The information contained in population genomic data can tell us much about the past ecology and evolution of species. We leveraged detailed phenotypic and genomic data of nearly all living kākāpō to understand the evolution of its feather color polymorphism. The kākāpō is an endangered and culturally significant parrot endemic to Aotearoa New Zealand, and the green and olive feather colorations are present at similar frequencies in the population. The presence of such a neatly balanced color polymorphism is remarkable because the entire population currently numbers less than 250 birds, which means it has been exposed to severe genetic drift. We dissected the color phenotype, demonstrating that the two colors differ in their light reflectance patterns due to differential feather structure. We used quantitative genomics methods to identify two genetic variants whose epistatic interaction can fully explain the species' color phenotype. Our genomic forward simulations show that balancing selection might have been pivotal to establish the polymorphism in the ancestrally large population, and to maintain it during population declines that involved a severe bottleneck. We hypothesize that an extinct apex predator was the likely agent of balancing selection, making the color polymorphism in the kākāpō a "ghost of selection past."
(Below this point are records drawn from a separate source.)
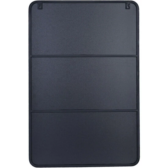 The Rectangular Deep Metal Frame Mirror measures 24 inches in width and 36 inches in length. Its pronounced frame cradles a stunning modern mirror perfectly and mimics a beautiful glass tray upright. Serve your guest in style and create an instant focal point in your home
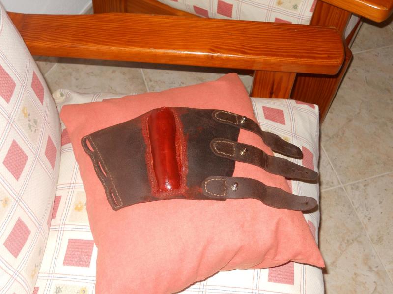 Como no dispongo ahora mismo de cuero de calidad, hice un "borrador" en serraje engrasado, y si me funciona bien cuando la pruebe tirando (aun no lo he hecho) traspasaré el "cojin" al nuevo armazon de cuero de calidad. la parte que apoya en la cara, o cojin, como yo le llamo, esta hecho de una pieza de goma forrada de un trozo de material parecido al neopreno (para que este blando) y finalmente forrado de baquetilla fina. El color de la baquetilla era de color rosa, de ahí las manchas del tinte que tiene.
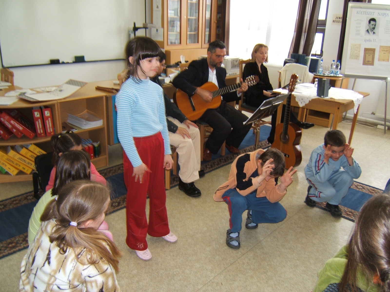 Nyilvános 1387 | 3446 | Költészet napja műsor a zalakarosi könyvtárban 2006. április 11-én. Vendégünk volt a Kardos Banda együttes, aki a kisiskolásoknak és a nagyoknak külön összeálított \"Költészet - minden formában régiektől, maiaktól\" című műsorát adta elő. | |
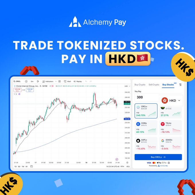 💸 🇭🇰 HKD is now your gateway to tokenized equities. Now you can use HKD to buy hot tokenized stocks like Circle, Apple, and Tesla via #AlchemyPay. Fiat-first investing—because it should've always been this simple. $ACH
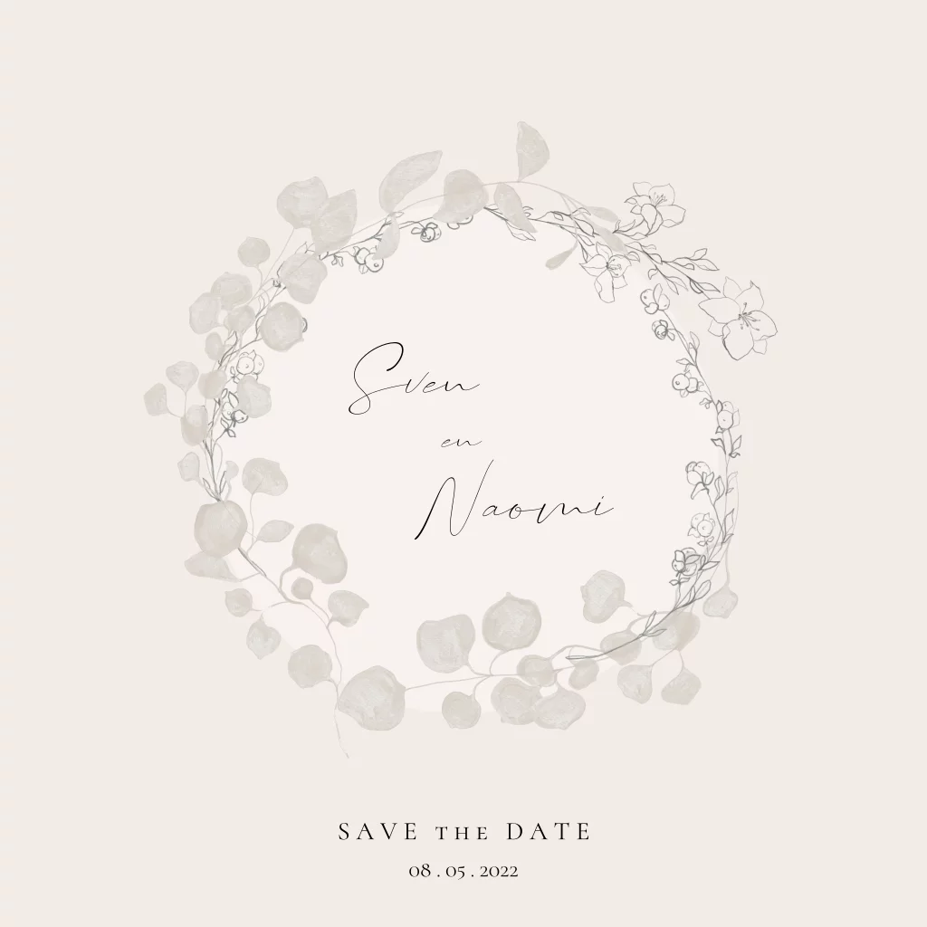 Save the Date kaart in lichte poeder en zandkleuren. Bekijk ook de bijpassende trouwkaart in de trouwkaarten collectie!
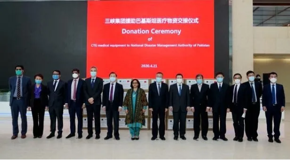 米兰体育平台app官网董事长、党委书记刘敬桢,米兰体育平台app官网副总经理、米兰体育(中国)国际董事长石晟怡,米兰体育(中国)国际总工程师付强、米兰体育(中国)外贸总经理丁维佐,米兰体育平台app官网董事长秘书鲁保才、米兰体育(中国)国际国际营销中心总经理董俊等共同出席三峡集团援助巴基斯坦医疗物资交接仪式。
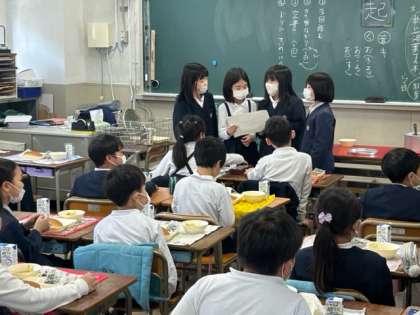 給食係の子どもたちでしょうか。声を合わせて、今日の献立を読み上げていました。さっそくのお仕事。周りの友だちも静かに聞いていました。
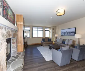 The interiors exude mountain sophistication, with gas fireplaces, tumbled slate accents, granite countertops, and vanities. Guests will enjoy plush carpeting, a mix of slate and hardwood flooring, and elegant mountain-style furnishings throughout. The penthouse includes a spacious galley kitchen, a formal dining area, and walk-in closets, ensuring ample space and convenience. Unwind in the whirlpool tub or take advantage of the in-unit washer and dryer for added comfort.
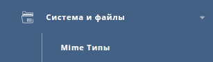 Чтобы перейти в меню Mime-типов необходимо перейти в раздел «Доп. возможности» — «Mime Типы».
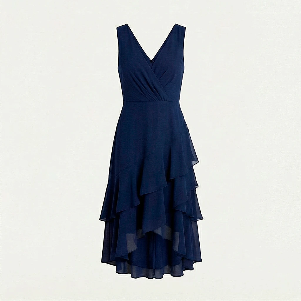 Vestido de fiesta en azul marino, con escote en V y falda con capas que aportan profundidad y movimiento.
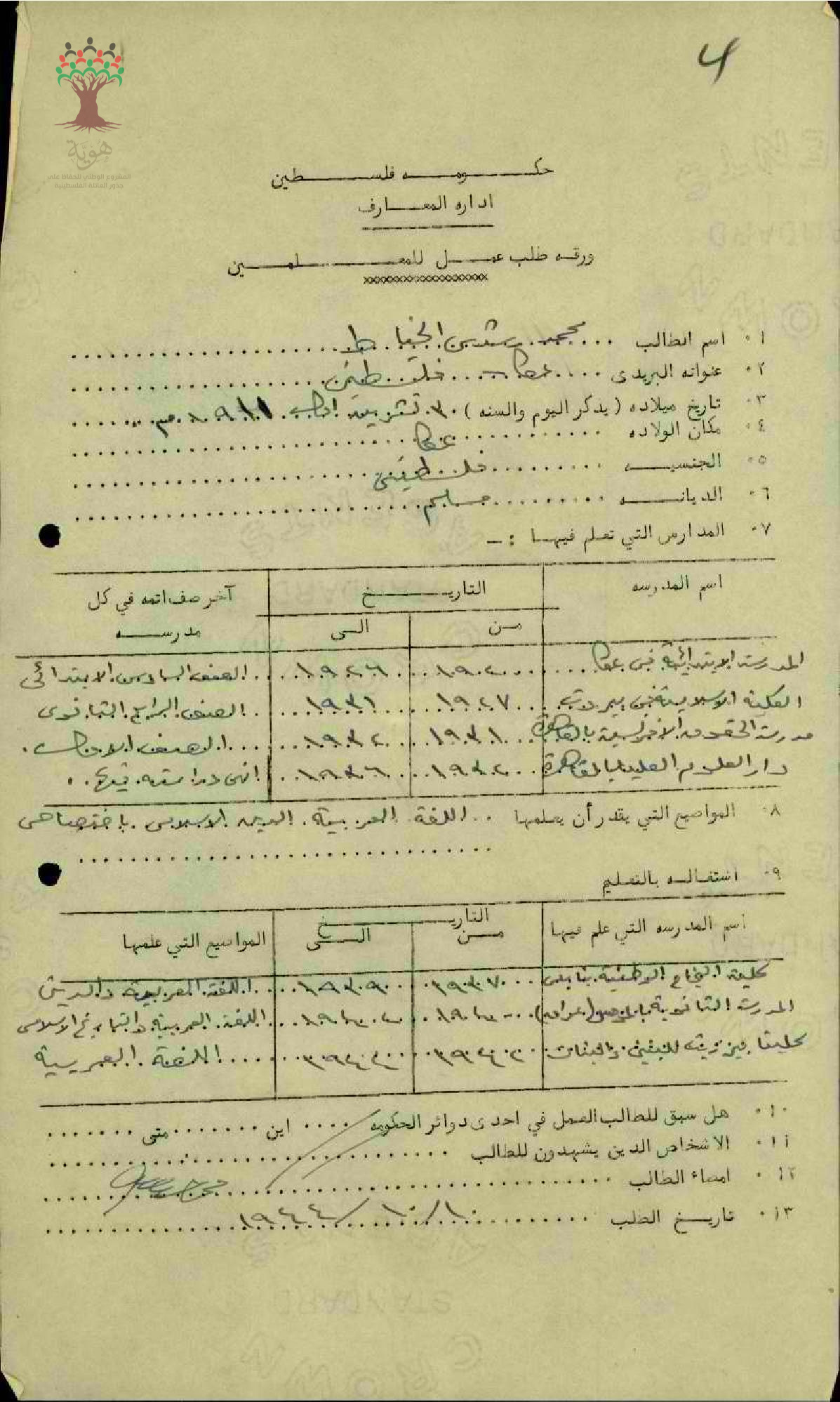 ورقة طلب عمل للمعلم محمد رشدي الخياط/عكا
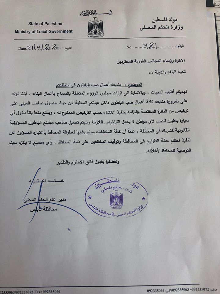 مديرية الحكم المحلي في نابلس تؤكد على ضرورة متابعة كافة أعمال صب الباطون في المحافظة وذلك حسب التراخيص الممنوحة.
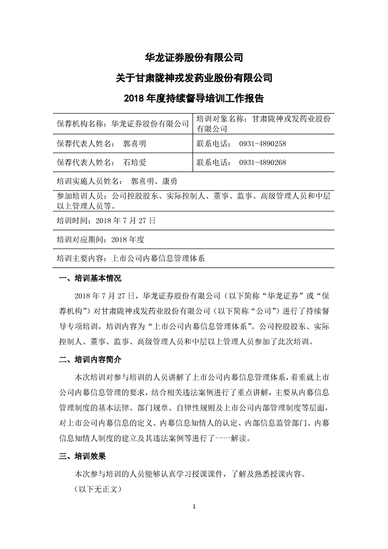 2018 年度持續(xù)督導(dǎo)培訓(xùn)工作報(bào)告
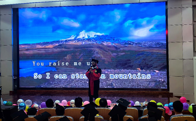 學生代表演唱了歌曲“和你一樣”“You Raise Me Up”?“我相信”,為畢業(yè)生送上祝福。
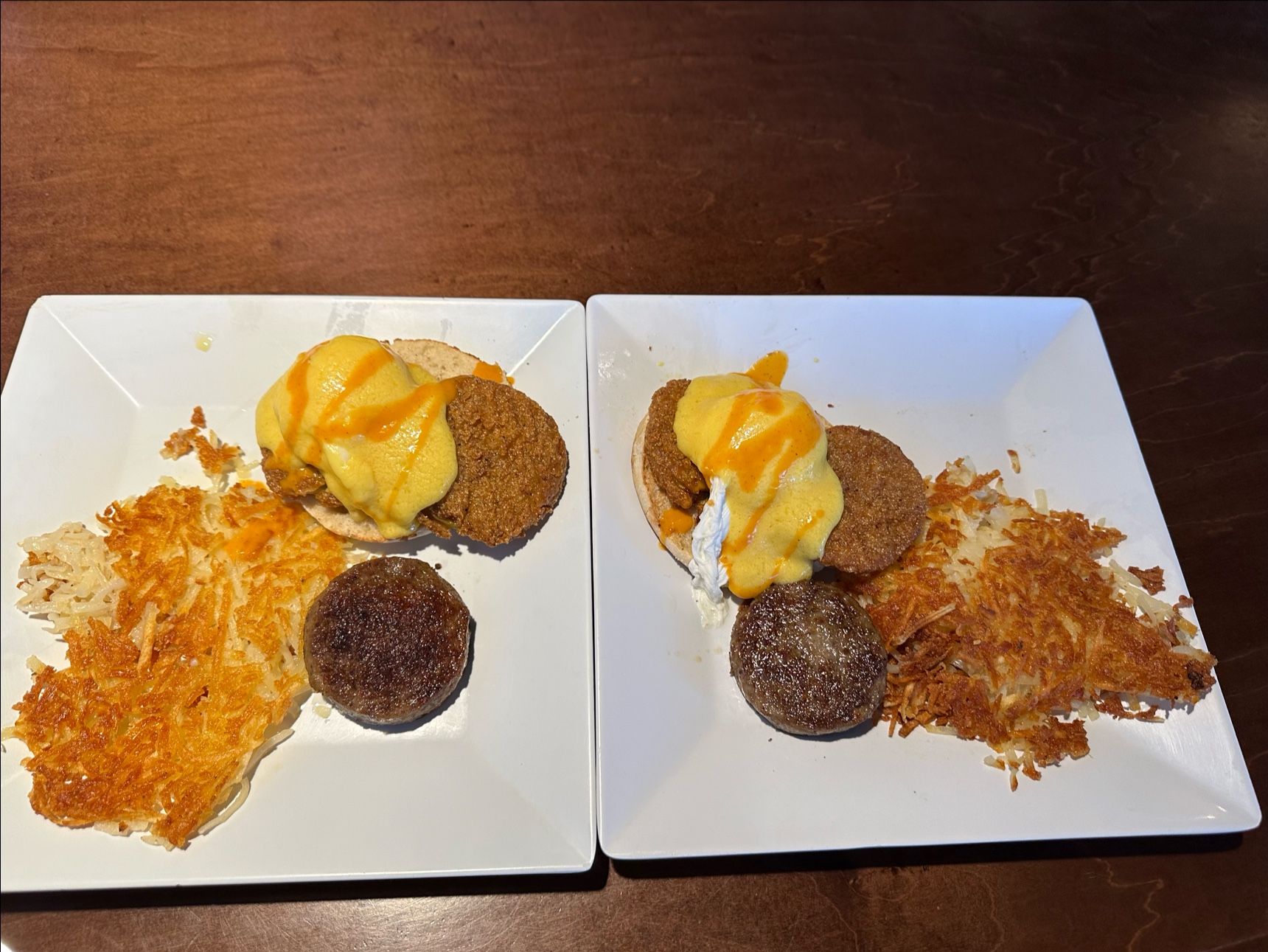 Read moreBusy for good reason! Since we didn't have anywhere to store leftovers, my husband and I split the fried green tomatoes Benedict and hashbrowns and added sausage. Our server Amber, said she could serve it on 2 plates (very nice). My husband asked how the hashbrowns were and she told us that the are fresh potatoes/no frozen. It was abundantly clear how's fresh everything is! Everything was beautiful, perfectly cooked, and incredibly delicious. The hollandaise sauce was smooth and creamy; possibly the best I've ever had. The fried green tomatoes were also very good even though I don't usually like a cornmeal breading. Give me a second with the hashbrowns because you may think, how hard could that be to mess up, but these are shredded finer that I usually have, so they are crispy on all the right places without being overdone, but they also are tasty and not at all greasy. Another nice touch, that is possibly just how Amber is, she calls people by their name, so it makes it feel homey in a comfortable atmosphere. Seems like a lot of locals come here often, and I understand...
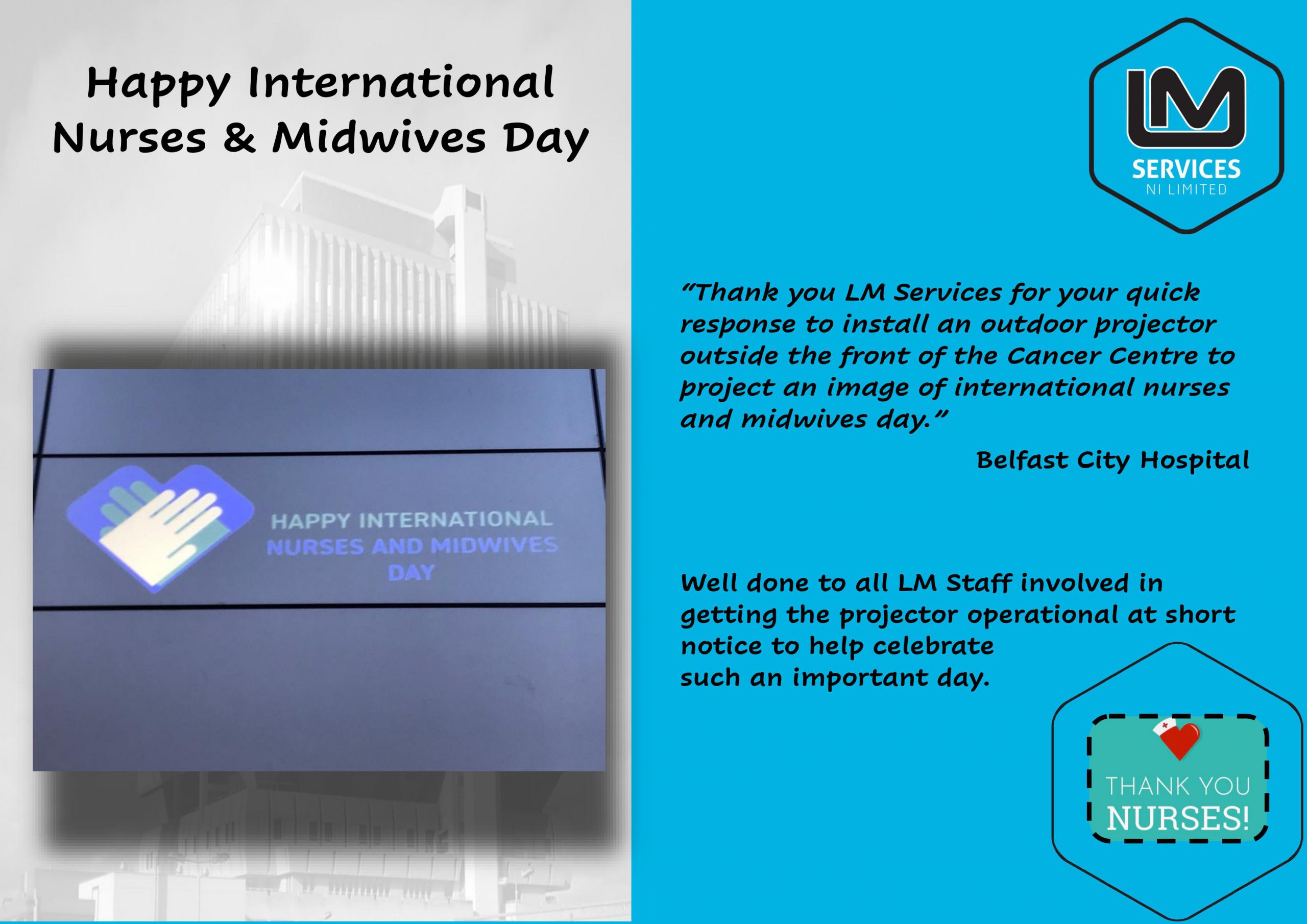 LM Services were pleased to have been involved in installing a projector at Belfast City Hospital to project images for International Nurses and Midwives Day. Well done to all our team who made this possible and thank you to all our wonderful NHS Nurses and Midwives #thankyouNHS.
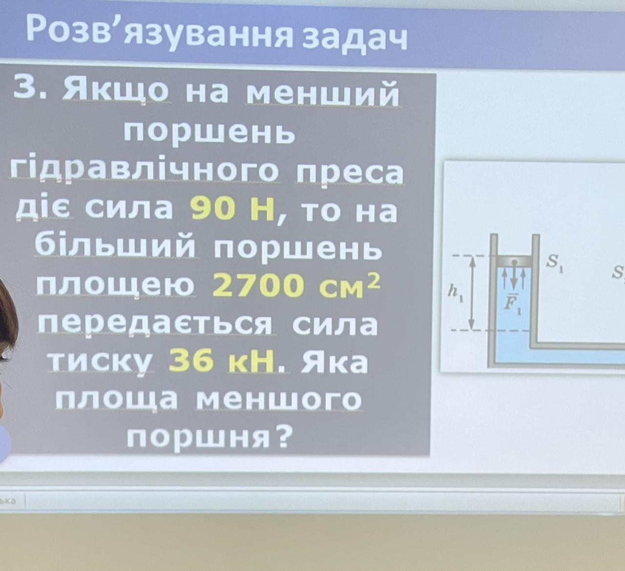 Сила, що діє на більший поршень, у стільки разів більша сили, яка діє на малий поршень, у скільки разів площа великого поршня більша площі малого.
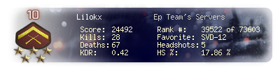 | Kills | 27 | Deaths | 67 | Kill / Death | 0.4 |
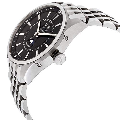 Stainless steel case with a stainless steel bracelet. Fixed bezel. Black dial with silver-tone hands and stick / Arabic numeral hour markers. Minute markers around the outer rim. Dial Type: Analog. Luminescent hands and markers. Pointer date display around inner rim. Month and day of the week below the 12 o'clock position. Automatic movement with 38 hour power reserve. Scratch resistant sapphire crystal. Skeleton case back. Case diameter: 42 mm. Round case shape. Deployment clasp with push button. Water resistant at 100 meters / 330 feet. Functions: moonphase, month, date, day, hour, minute, second. Luxury watch style. Watch label: Swiss Made. Oris Artix Complication Automatic Black Dial Stainless Steel Mens Watch 01 915 7643 4054 07 8 21 80.
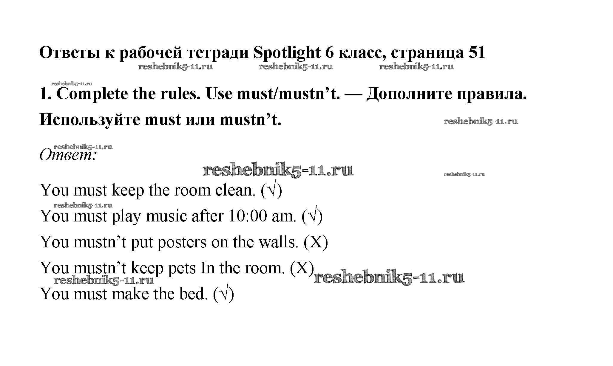Готовая домашняя работа с ответами по Английскому языку за 6 класс Эванс, Дули, Подоляко, Ваулина Рабочая тетрадь Spotlight Просвещение 2011 - Страницы 51
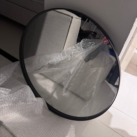 Clash Ohlssonilta (muistaakseni) muutama vuosi sitten uutena hankittu peili. Peilissä on mustaksi maalattu metallikehys, jonka halkaisija on 75 cm. Peilin takana on seinäkiinnike ja kaksi kiinnityskohtaa. Peili painaa 5 kiloa.
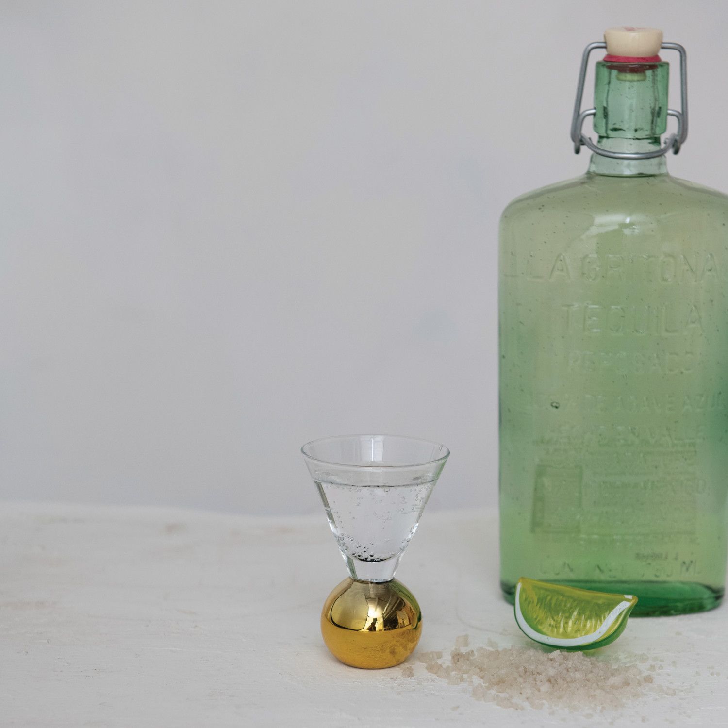 1 oz. Shot Glass w/ Gold Electroplated Ball Stem
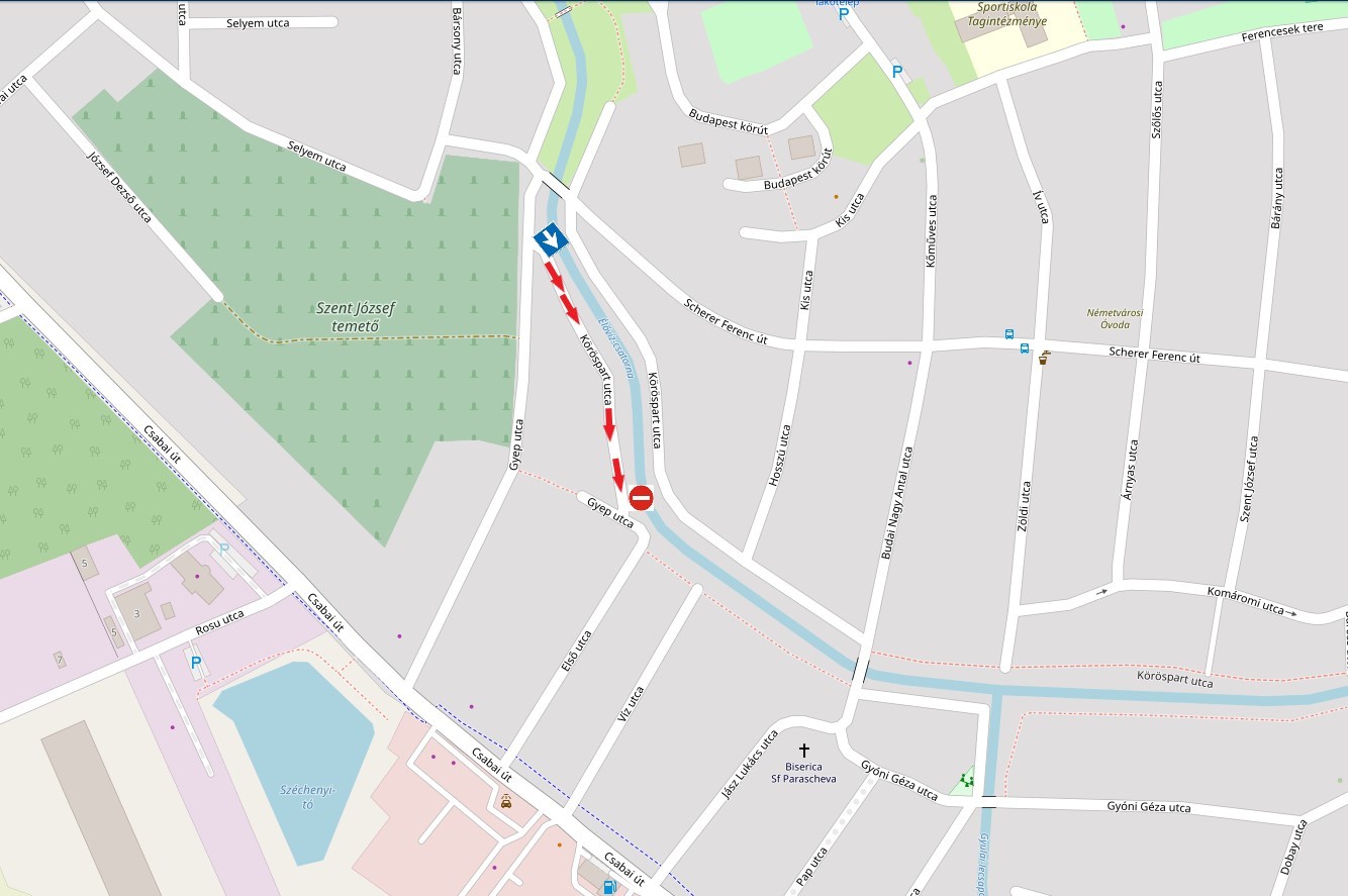 A Köröspart utca (az Első utca és a Gyep utca közötti szakaszon) egyirányú lesz a Gyep utca felől az Első utca irányába; a kerékpárosok továbbra is mindkét irányban közlekedhetnek.

Fig 1. The kākāpō feather color polymorphism.

(A) Green (left) and olive (right) kākāpō individuals; the photographs show the kākāpō individuals Uri (left) and Bravo (right) who are full siblings. The inserts show the standardized photography that was applied for color assessment across the extant kākāpō population (Material and Methods). (B) Manhattan plot of the mixed-model GWAS between all bi-allelic SNPs and the binary color polymorphism phenotype (Material and Methods); the horizontal line indicates the genome-wide significance line after Bonferroni multiple testing correction. The genome-wide significant hit at the end of chromosome 9 represents a single SNP, which we therefore discarded as noise. Inlet: Zoom-in of the Manhattan plot on the end of chromosome 8 (from 6.25 × 10⁷ bp to the end of the chromosome); the two most significant SNPs Chr8_63055688 and Chr8_63098195 are highlighted in orange color. All photographs are originals taken by the authors of this manuscript. The code to generate this figure can be found in https://zenodo.org/records/13302801. For data see the “Data and code availability” section. GWAS, genome-wide association study; SNP, single-nucleotide polymorphism.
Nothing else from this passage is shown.